This was invaluable in understanding a decade of legacy system development...

isoprophlex · on Dec 6, 2019

This is brilliant! Thanks for sharing this, made my day!

evangow · on Dec 5, 2019

This is a very cool project, but I'm not sure exactly what I would use it for. I could see it being useful if didn't start your project out using a tool for schema migrations and need to back reverse engineer things to create fake migrations.

I'm curious, does anyone here use it that would care to explain their use case?

paps · on Dec 5, 2019

We use it in our CI, just before deployment, to compare the DB structure of what's being tested with the DB structure of our staging or production environment.

It's a last minute check that prevented a lot of mistakes.

djrobstep · on Dec 6, 2019

You might be interested in the service I'm building, which does a similar thing in a more structured way: https://djrobstep.com/ci-for-databases

larkost · on Dec 6, 2019

Wouldn't a dump and then diff of the schema into text form accomplish the same thing?

hobs · on Dec 6, 2019

It absolutely should, though you might want to have a specific set of questions you ask in an ordered fashion as things like column order might differ between production and development due to data sizes, dropping and recreating dev instead of migration, etc.

None of those things actually being a problem could give you false positives, so you might want some minor shuffling.

fanf2 · on Dec 6, 2019

Or something a bit more high-level like Migra? https://github.com/djrobstep/migra

sciolistse · on Dec 5, 2019

It seems like it could be used for declarative schema management (like https://www.skeema.io/) where you define the table structure you want in code and the application diffs a database and performs whatever changes is needed to reflect the requested schema.

stephen · on Dec 5, 2019

I'm using it generate a "flush_database()" stored procedure (after applying the latest migrations), that means each "before each" of a test can "execute flush_database" to get a clean slate db for its boundary case (w/o having to know/lookup "oh we've got 10-20-50 some entity tables now").

So, yeah, just custom/minor infrastructure/tooling stuff that is based on the db schema.

aargh_aargh · on Dec 6, 2019

Doesn't your RDBMS support transactions?

djrobstep · on Dec 5, 2019

I have a similar project called `schemainspect` - It creates a data structure representation of a postgres schema.

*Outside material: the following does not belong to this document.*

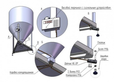 Устройство состоит из трех или четырех тензорезисторных датчиков, которые монтируются под опоры смесителя. Текущий вес продукта в смесителе отображается на основном дисплее весоизмерительного преобразователя (терминала). «Агродоз 163» оснащается терминалом с двумя дисплеями. На второй индикатор выводятся показания счетчиков компонентов смеси. В соответствии с параметрами рецепта, хранящимися в памяти терминала, в процессе загрузки выдаются звуковые сигналы, информирующие оператора об окончании набора очередного компонента и необходимости перехода к следующему компоненту.  Комплект тензодатчиков с терминалом может быть откалиброван, как на предприятии-изготовителе, так и на месте эксплуатации.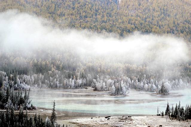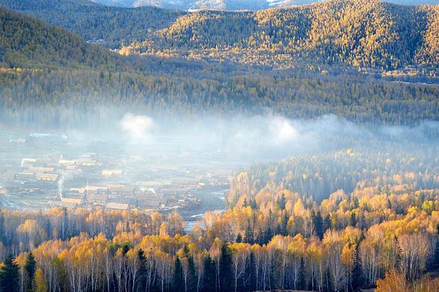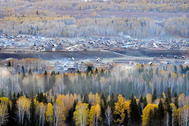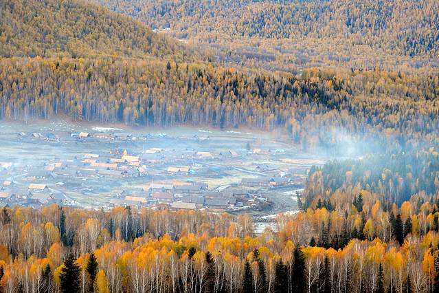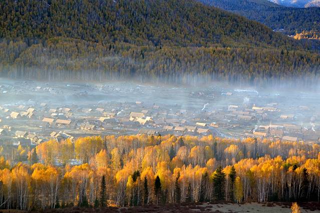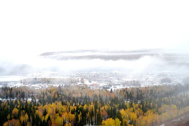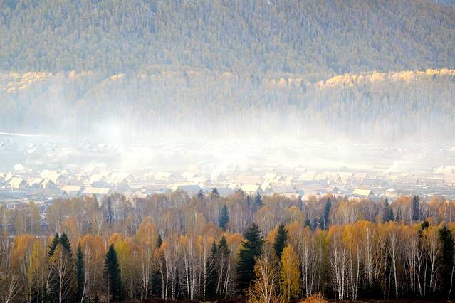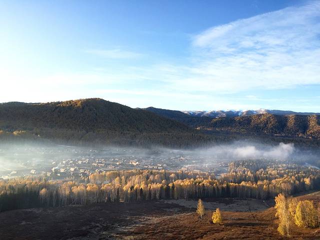 看完日出,就可以安安心心的坐车去了,即使没有班车,即使我们坐着高价的拼车回布尔津,都觉得一切都太值得了,天气好的禾木晨雾,像是游戏宣传片一样的。给小伙伴W发去了今天早上的晨雾视频,本来昨天都还在犹豫要不要走,今天看到视频后悔惨了。

I then use this data in my database diffing project `migra`, to autogenerate database migrations. You can also use schema diffing to test that your production and development databases match explicitly.

Overall it's a much more flexible but rigorous approach than the old-fashioned rails/django migrations.

kristiandupont · on Dec 6, 2019

I've made something similar which I use for two things. 1) I create typescript types from my schema, and 2) I run a "linter" over my schema that validates a number of rules that I've created. It's been a great help honestly.

rodw · on Dec 6, 2019

For what it is worth, if you mean the `>` symbol in the banner graphic to be interpreted as an arrow not "greater than" if I were you I'd give the arrow some kind of tail (`->` not just `>`). My first interpretation was definitely "greater than" and I'm probably not alone.

If you _do_ really mean "pgsql > json` and not `pgsql -to-> json` then maybe I'm just confused.

theta_d · on Dec 6, 2019

Unix redirecting output uses the `>` symbol.

rodw · on Dec 6, 2019

Oh, yeah. I am well aware of that and that interpretation did not enter my mind at all (being entirely surrounded by graphics and not in a conventional terminal-style font may be part of the reason why).

I still think it's a little confusing but I understand why it is that way at least.

soulnothing · on Dec 5, 2019

Is there a good source for the queries run on different data base types (MySql, Postgres) to reflect it's schema?

mvc · on Dec 5, 2019

The information schema is part of the SQL standard so the queries should be the same in all the databases that support that (which is quite a few). Here's the doc links for MySQL and PostgreSQL

https://dev.mysql.com/doc/refman/8.0/en/information-schema.h... https://www.postgresql.org/docs/12/information-schema.html

As it happens, I did a talk about this at re:Clojure this week. Videos aren't up yet but they will appear here when they are available

https://www.youtube.com/channel/UCbZW8yCqEncYciie8_1yy7w/fea...

pmart123 · on Dec 6, 2019

One way I found helpful was to look at ORM libraries like sqlalchemy to see how they queried each db to translate schemas into objects.

simbakhadder · on Dec 5, 2019

Is the expected use case to build generic queries on any type of database?

Also why Javascript?